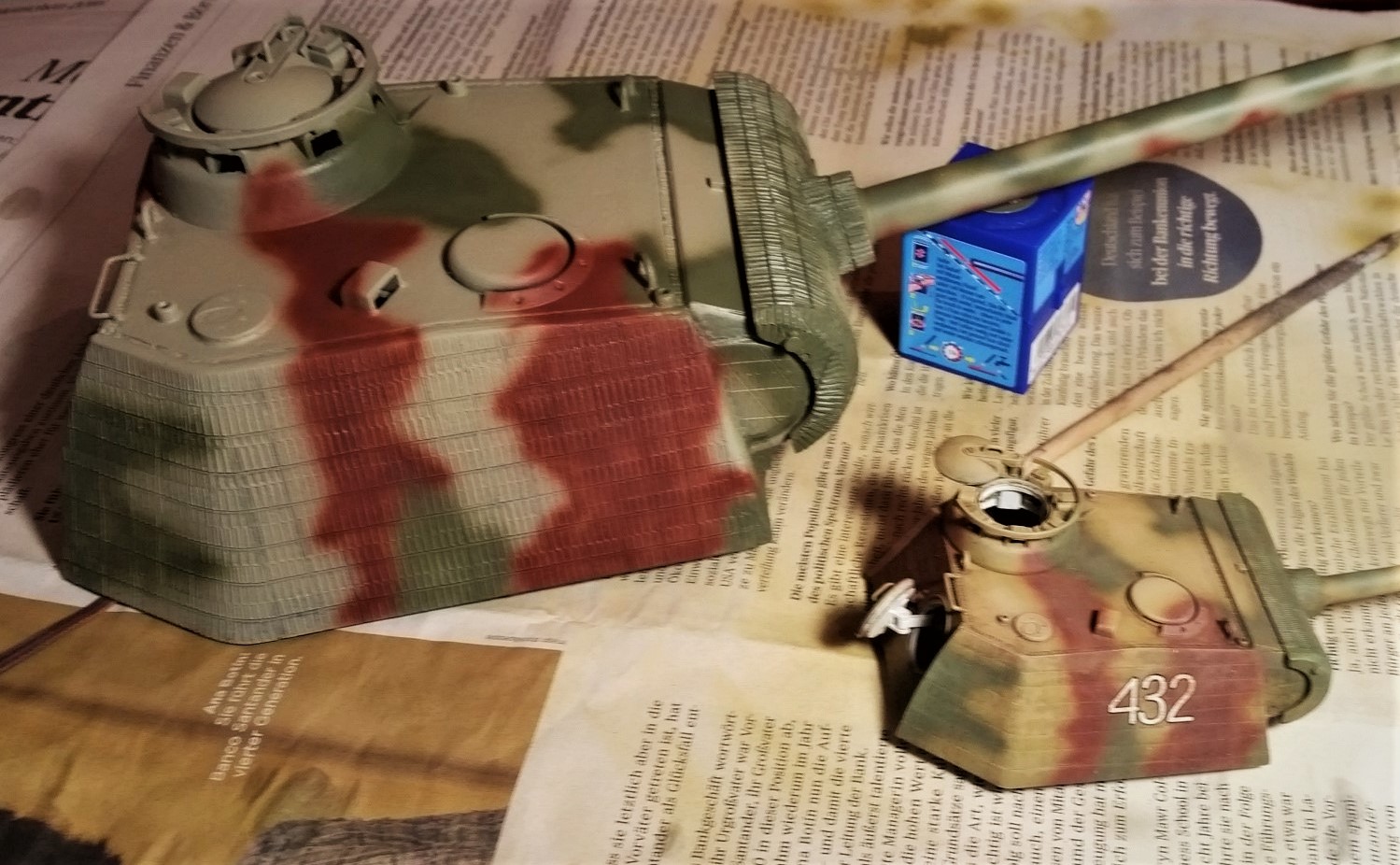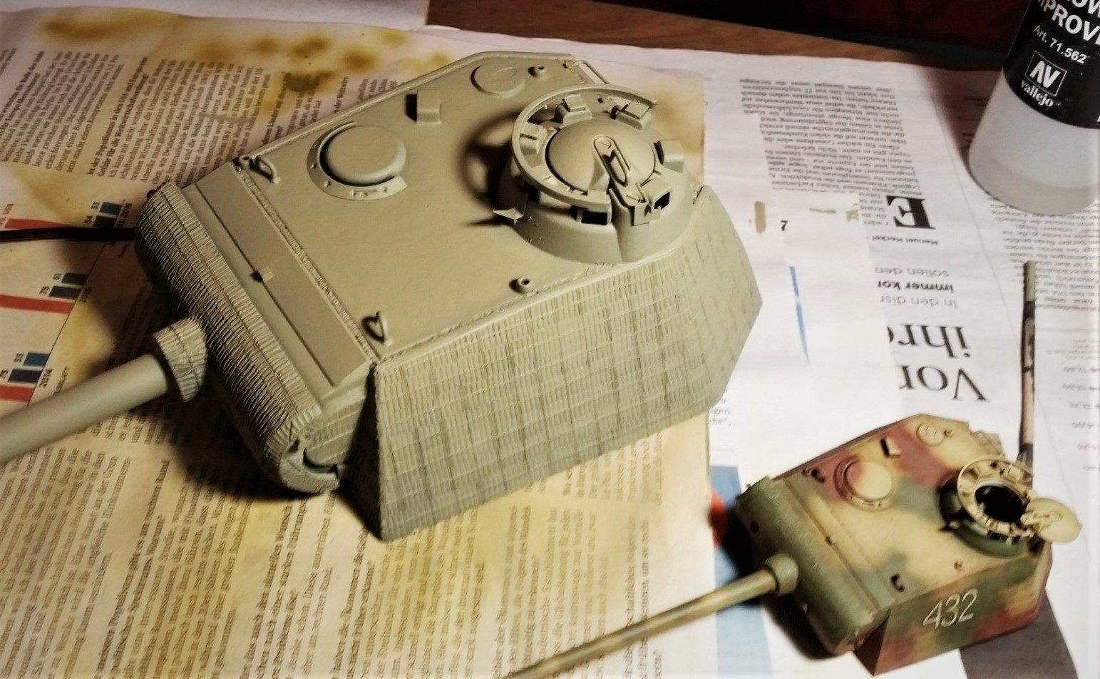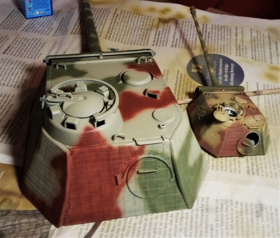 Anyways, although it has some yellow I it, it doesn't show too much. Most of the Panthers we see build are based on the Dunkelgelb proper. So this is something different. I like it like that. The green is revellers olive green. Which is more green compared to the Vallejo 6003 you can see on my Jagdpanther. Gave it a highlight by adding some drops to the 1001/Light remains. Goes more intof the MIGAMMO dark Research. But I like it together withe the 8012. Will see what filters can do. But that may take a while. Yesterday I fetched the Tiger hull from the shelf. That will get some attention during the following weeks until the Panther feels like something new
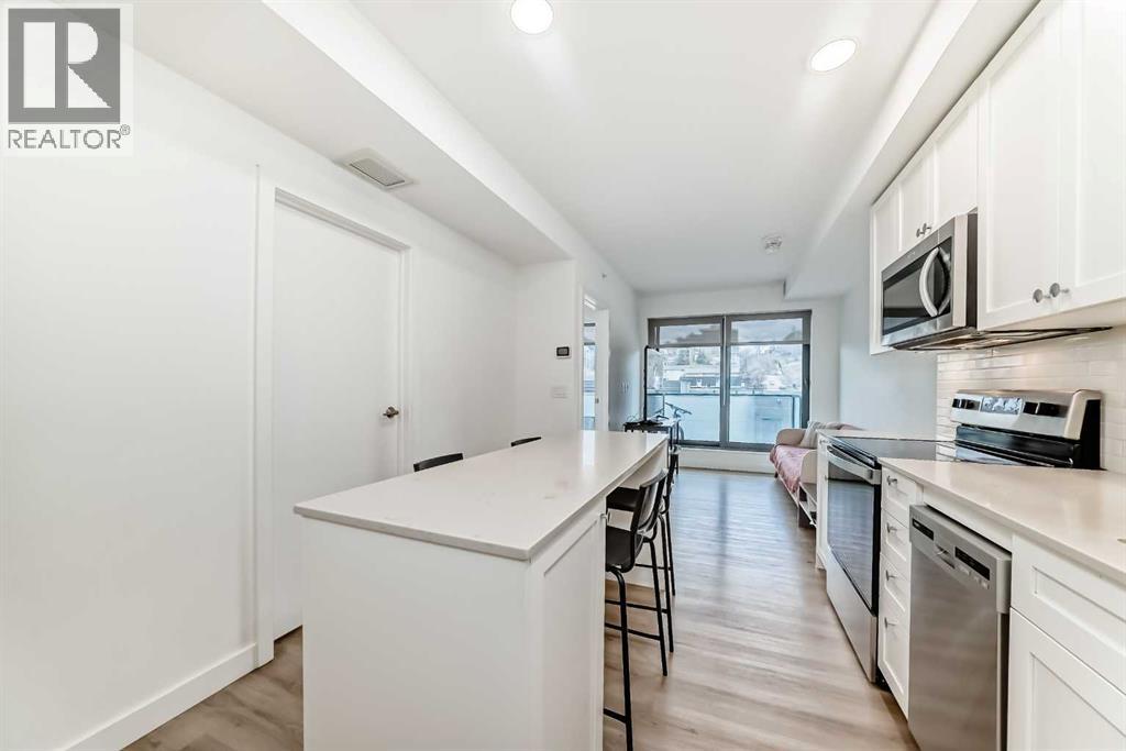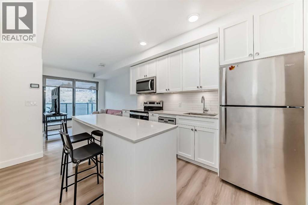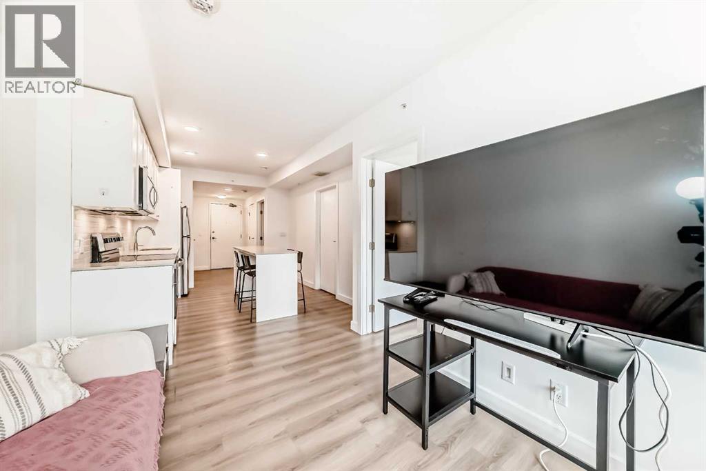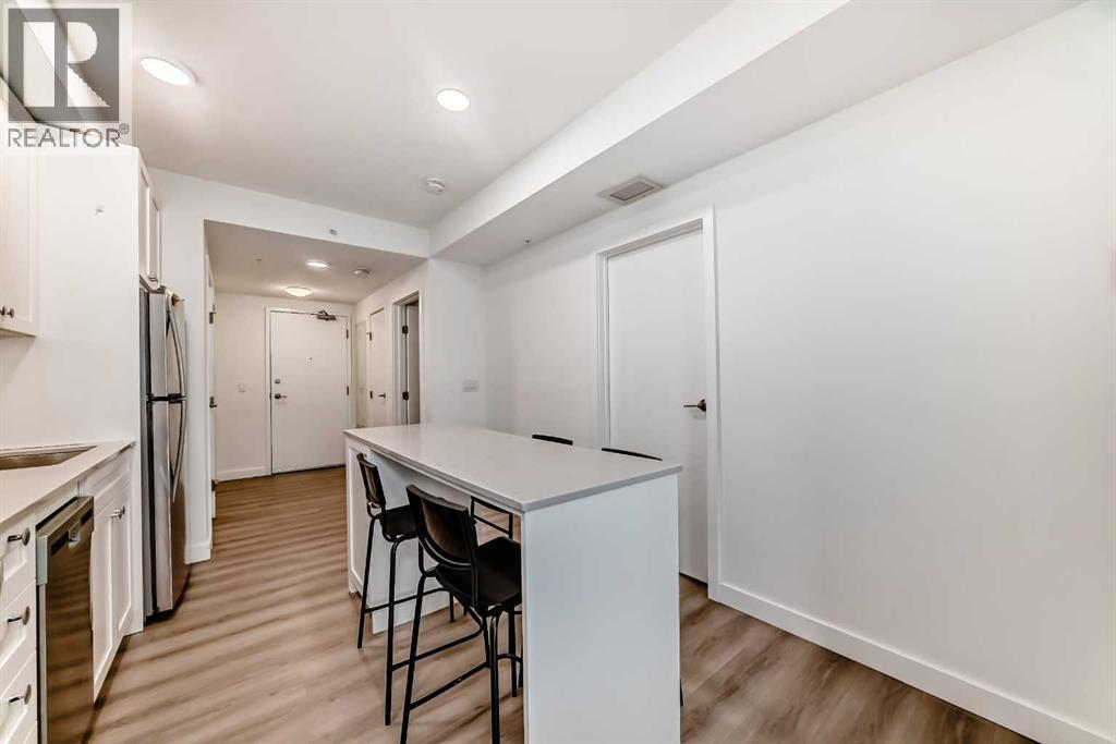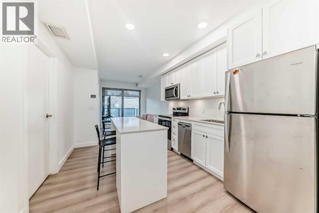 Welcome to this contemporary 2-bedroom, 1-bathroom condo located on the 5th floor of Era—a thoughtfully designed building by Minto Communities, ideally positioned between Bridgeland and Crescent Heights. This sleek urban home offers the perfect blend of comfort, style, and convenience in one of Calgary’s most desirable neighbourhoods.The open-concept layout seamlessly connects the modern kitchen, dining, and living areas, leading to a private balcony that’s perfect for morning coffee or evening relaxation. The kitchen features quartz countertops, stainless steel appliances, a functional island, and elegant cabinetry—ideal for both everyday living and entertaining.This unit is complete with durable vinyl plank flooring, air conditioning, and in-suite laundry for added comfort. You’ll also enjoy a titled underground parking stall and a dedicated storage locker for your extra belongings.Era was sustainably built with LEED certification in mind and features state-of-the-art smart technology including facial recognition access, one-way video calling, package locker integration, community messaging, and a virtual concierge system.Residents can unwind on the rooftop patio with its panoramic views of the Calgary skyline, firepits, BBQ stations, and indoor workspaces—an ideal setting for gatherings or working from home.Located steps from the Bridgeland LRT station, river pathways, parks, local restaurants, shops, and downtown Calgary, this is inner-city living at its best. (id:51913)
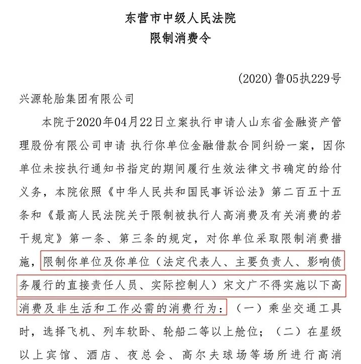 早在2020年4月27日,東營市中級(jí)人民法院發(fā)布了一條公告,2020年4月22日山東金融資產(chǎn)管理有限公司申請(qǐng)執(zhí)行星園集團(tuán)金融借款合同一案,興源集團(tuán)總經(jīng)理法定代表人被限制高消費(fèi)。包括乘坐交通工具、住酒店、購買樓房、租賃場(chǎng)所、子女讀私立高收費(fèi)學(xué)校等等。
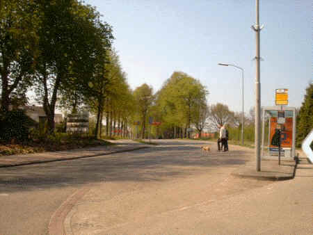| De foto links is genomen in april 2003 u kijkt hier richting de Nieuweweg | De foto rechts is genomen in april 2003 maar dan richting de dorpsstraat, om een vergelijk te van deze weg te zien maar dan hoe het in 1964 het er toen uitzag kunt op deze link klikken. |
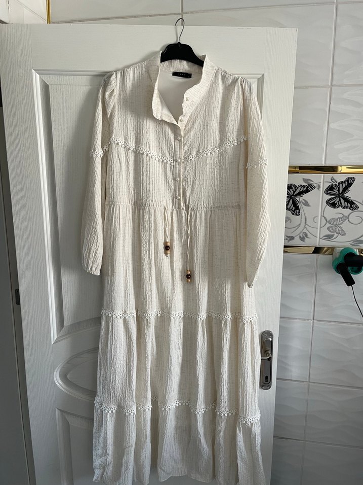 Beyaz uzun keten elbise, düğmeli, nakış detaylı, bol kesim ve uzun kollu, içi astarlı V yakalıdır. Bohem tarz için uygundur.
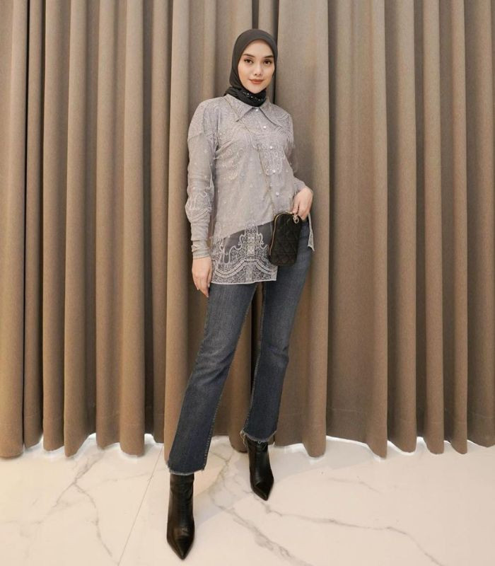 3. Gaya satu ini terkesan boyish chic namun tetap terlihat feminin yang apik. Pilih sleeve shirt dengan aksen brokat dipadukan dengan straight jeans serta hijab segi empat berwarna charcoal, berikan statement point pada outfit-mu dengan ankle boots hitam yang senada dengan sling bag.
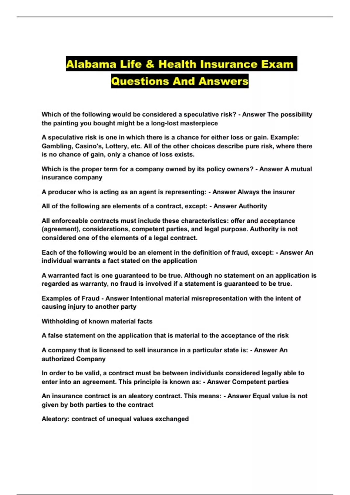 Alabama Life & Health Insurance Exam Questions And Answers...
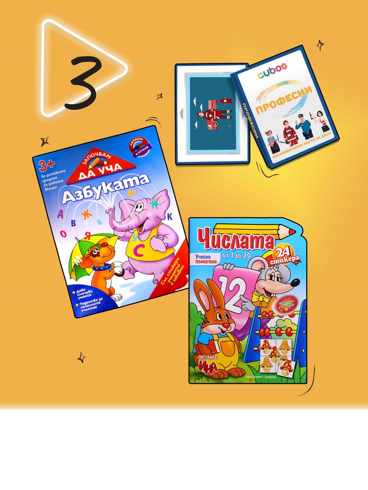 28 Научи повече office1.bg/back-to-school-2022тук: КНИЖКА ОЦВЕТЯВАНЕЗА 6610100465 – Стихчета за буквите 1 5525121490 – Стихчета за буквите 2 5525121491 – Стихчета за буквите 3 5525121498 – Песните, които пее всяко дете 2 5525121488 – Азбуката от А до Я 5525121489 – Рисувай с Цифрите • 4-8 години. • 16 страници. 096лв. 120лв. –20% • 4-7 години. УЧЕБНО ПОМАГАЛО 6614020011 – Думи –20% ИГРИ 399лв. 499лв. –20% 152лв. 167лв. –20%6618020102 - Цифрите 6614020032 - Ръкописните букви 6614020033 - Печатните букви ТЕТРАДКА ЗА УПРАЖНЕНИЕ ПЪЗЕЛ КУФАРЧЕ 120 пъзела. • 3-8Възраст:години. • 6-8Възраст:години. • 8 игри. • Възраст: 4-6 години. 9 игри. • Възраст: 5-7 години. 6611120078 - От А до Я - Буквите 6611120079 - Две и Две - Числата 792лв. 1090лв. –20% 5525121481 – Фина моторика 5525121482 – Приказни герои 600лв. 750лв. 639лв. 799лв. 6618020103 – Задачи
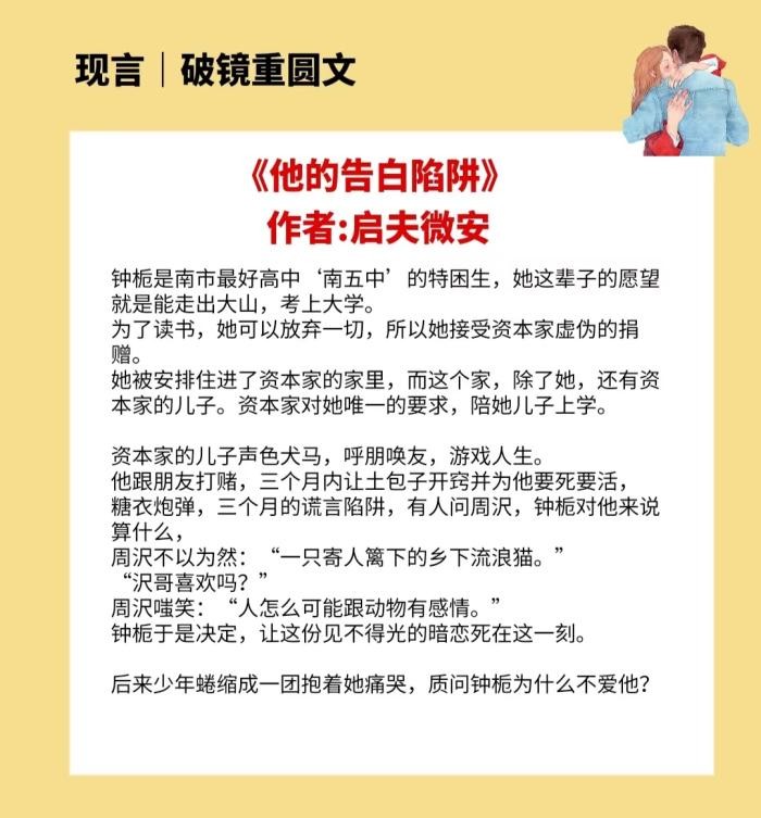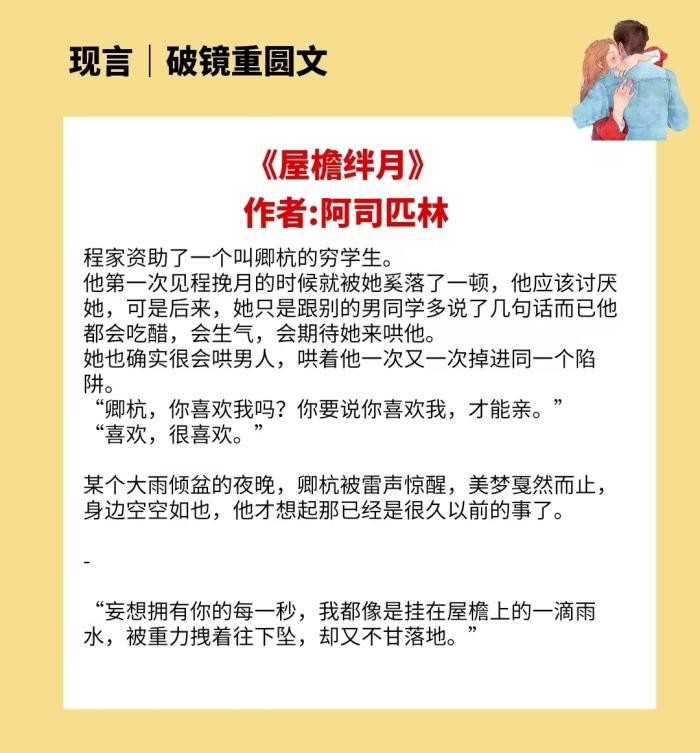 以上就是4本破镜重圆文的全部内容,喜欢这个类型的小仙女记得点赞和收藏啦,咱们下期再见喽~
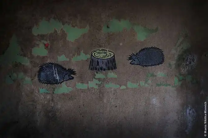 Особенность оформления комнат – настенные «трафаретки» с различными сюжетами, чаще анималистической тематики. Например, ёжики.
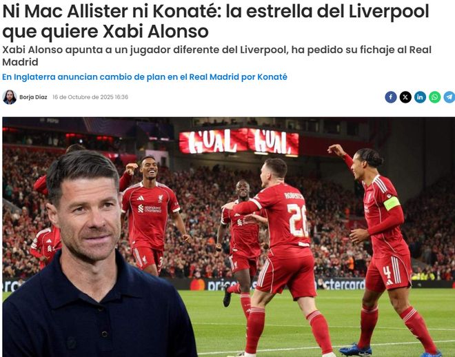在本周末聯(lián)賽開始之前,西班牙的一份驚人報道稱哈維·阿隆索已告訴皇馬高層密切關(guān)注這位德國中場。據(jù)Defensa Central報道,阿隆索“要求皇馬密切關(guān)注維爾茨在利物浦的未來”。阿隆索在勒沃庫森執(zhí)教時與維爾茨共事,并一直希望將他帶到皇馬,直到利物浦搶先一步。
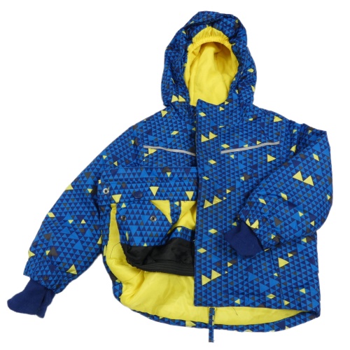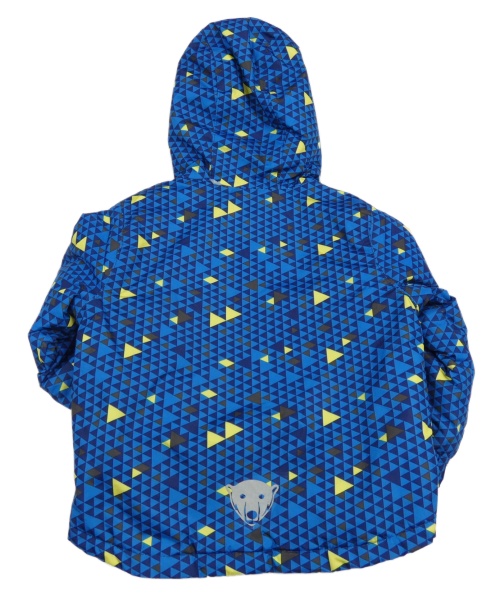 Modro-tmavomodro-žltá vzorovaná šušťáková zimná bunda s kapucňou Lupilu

- - - - -

* [What is being asked]: Would you print, exactly as they appear, the lines from the line with "Alabama Life &" through the end of the entries above, leaving out the pictures?

* [Response]:
 Alabama Life & Health Insurance Exam Questions And Answers...
 28 Научи повече office1.bg/back-to-school-2022тук: КНИЖКА ОЦВЕТЯВАНЕЗА 6610100465 – Стихчета за буквите 1 5525121490 – Стихчета за буквите 2 5525121491 – Стихчета за буквите 3 5525121498 – Песните, които пее всяко дете 2 5525121488 – Азбуката от А до Я 5525121489 – Рисувай с Цифрите • 4-8 години. • 16 страници. 096лв. 120лв. –20% • 4-7 години. УЧЕБНО ПОМАГАЛО 6614020011 – Думи –20% ИГРИ 399лв. 499лв. –20% 152лв. 167лв. –20%6618020102 - Цифрите 6614020032 - Ръкописните букви 6614020033 - Печатните букви ТЕТРАДКА ЗА УПРАЖНЕНИЕ ПЪЗЕЛ КУФАРЧЕ 120 пъзела. • 3-8Възраст:години. • 6-8Възраст:години. • 8 игри. • Възраст: 4-6 години. 9 игри. • Възраст: 5-7 години. 6611120078 - От А до Я - Буквите 6611120079 - Две и Две - Числата 792лв. 1090лв. –20% 5525121481 – Фина моторика 5525121482 – Приказни герои 600лв. 750лв. 639лв. 799лв. 6618020103 – Задачи
 以上就是4本破镜重圆文的全部内容,喜欢这个类型的小仙女记得点赞和收藏啦,咱们下期再见喽~
 Особенность оформления комнат – настенные «трафаретки» с различными сюжетами, чаще анималистической тематики. Например, ёжики.
在本周末聯(lián)賽開始之前,西班牙的一份驚人報道稱哈維·阿隆索已告訴皇馬高層密切關(guān)注這位德國中場。據(jù)Defensa Central報道,阿隆索“要求皇馬密切關(guān)注維爾茨在利物浦的未來”。阿隆索在勒沃庫森執(zhí)教時與維爾茨共事,并一直希望將他帶到皇馬,直到利物浦搶先一步。
 Modro-tmavomodro-žltá vzorovaná šušťáková zimná bunda s kapucňou Lupilu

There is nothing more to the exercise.